:: PROBLEM ::
Once the line containing "STRUTTURA IN ACCIAIO, VERNICIATA" appears, output it and each remaining line of the records below exactly, with no pictures and nothing more.

:: DATASET RECORDS ::
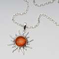 Naszyjnik z bursztynem w srebrze 925 w formie słońca
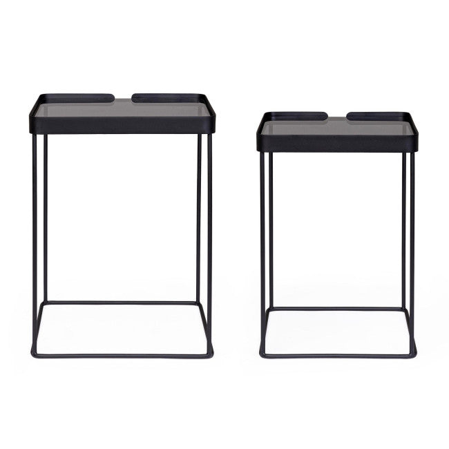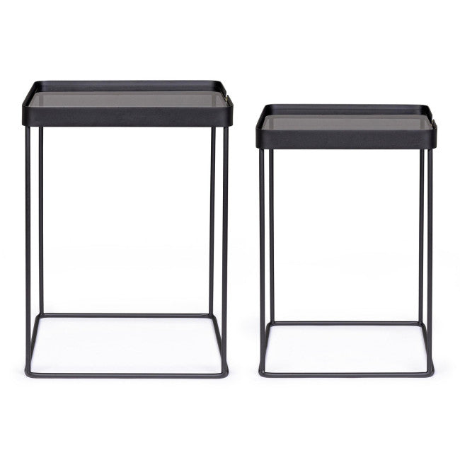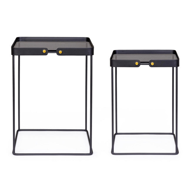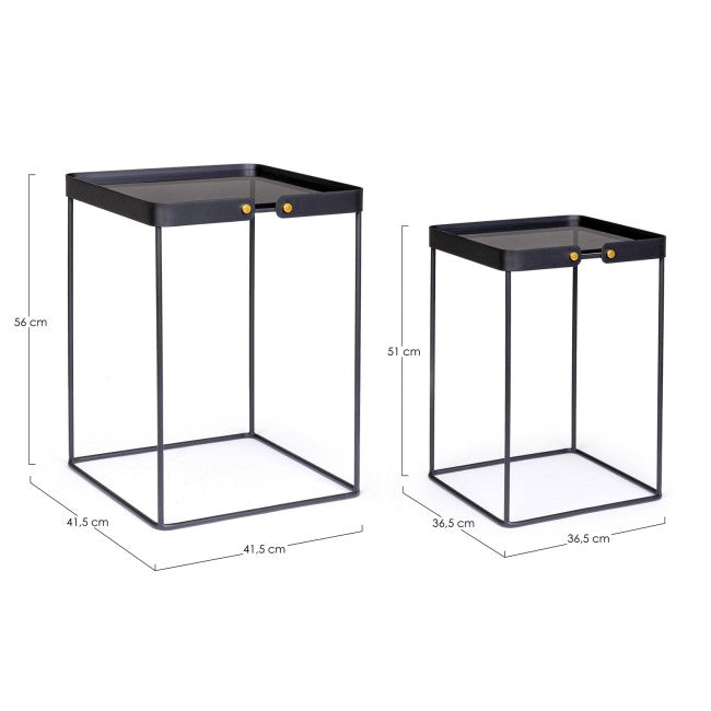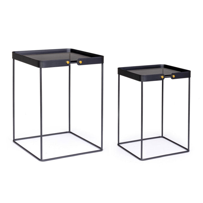 STRUTTURA IN ACCIAIO, VERNICIATA A POLVERE EPOSSIDICA. PIANO IN VETRO TEMPERATO.
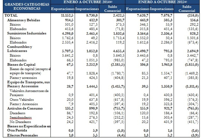 En la categoría de Artículos de Consumo también se presentó déficit (765,8 millones de dólares); Sin embargo, es importante indicar el aumento de las exportaciones de joyería de oro con valor agregado –de 31,3 millones de dólares a octubre de 2014 a 66,4 millones de dólares a similar período de 2015.
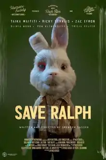 Save Ralph is a stop motion mockumentary animated short film written and directed by Spencer Susser. It stars Taika Waititi, Ricky Gervais, Zac Efron, Olivia Munn, Pom Klementieff, Tricia Helfer, and Rodrigo Santoro. The plot follows an interview with Ralph (Waititi), a rabbit who details his life as he is used for animal testing and the damages it has caused to his body. Produced by Jeff Vespa, the 4-minute short film was released by Humane Society International on April 6, 2021, to critical acclaim.
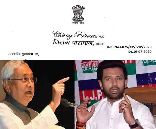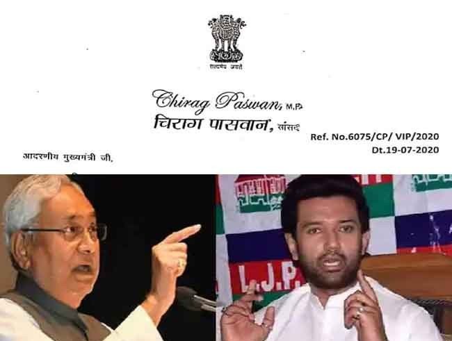 चिराग पासवान ने एक बार फिर सीएम नीतीश कुमार पर बड़ा हमला बोला है. इस बार चिट्ठी के जरिए सूबे की स्वास्थ्य व्यवस्था पर सवाल उठाया है. जिसमें पूछा है कि आखिर कोरोना पॉजिटिव मरीज रंजीत कहां गया और सीएम नीतीश कुमार से उसे ढूंढने की मांग की है.
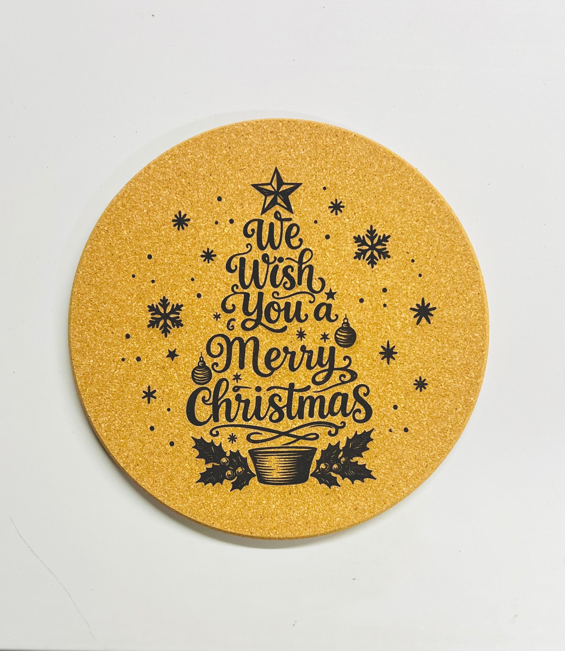 These charming engraved cork trivets blend practical protection with festive flair.

:: TASK OUTPUT ::
 STRUTTURA IN ACCIAIO, VERNICIATA A POLVERE EPOSSIDICA. PIANO IN VETRO TEMPERATO.
 En la categoría de Artículos de Consumo también se presentó déficit (765,8 millones de dólares); Sin embargo, es importante indicar el aumento de las exportaciones de joyería de oro con valor agregado –de 31,3 millones de dólares a octubre de 2014 a 66,4 millones de dólares a similar período de 2015.
 Save Ralph is a stop motion mockumentary animated short film written and directed by Spencer Susser. It stars Taika Waititi, Ricky Gervais, Zac Efron, Olivia Munn, Pom Klementieff, Tricia Helfer, and Rodrigo Santoro. The plot follows an interview with Ralph (Waititi), a rabbit who details his life as he is used for animal testing and the damages it has caused to his body. Produced by Jeff Vespa, the 4-minute short film was released by Humane Society International on April 6, 2021, to critical acclaim.
 चिराग पासवान ने एक बार फिर सीएम नीतीश कुमार पर बड़ा हमला बोला है. इस बार चिट्ठी के जरिए सूबे की स्वास्थ्य व्यवस्था पर सवाल उठाया है. जिसमें पूछा है कि आखिर कोरोना पॉजिटिव मरीज रंजीत कहां गया और सीएम नीतीश कुमार से उसे ढूंढने की मांग की है.
 These charming engraved cork trivets blend practical protection with festive flair.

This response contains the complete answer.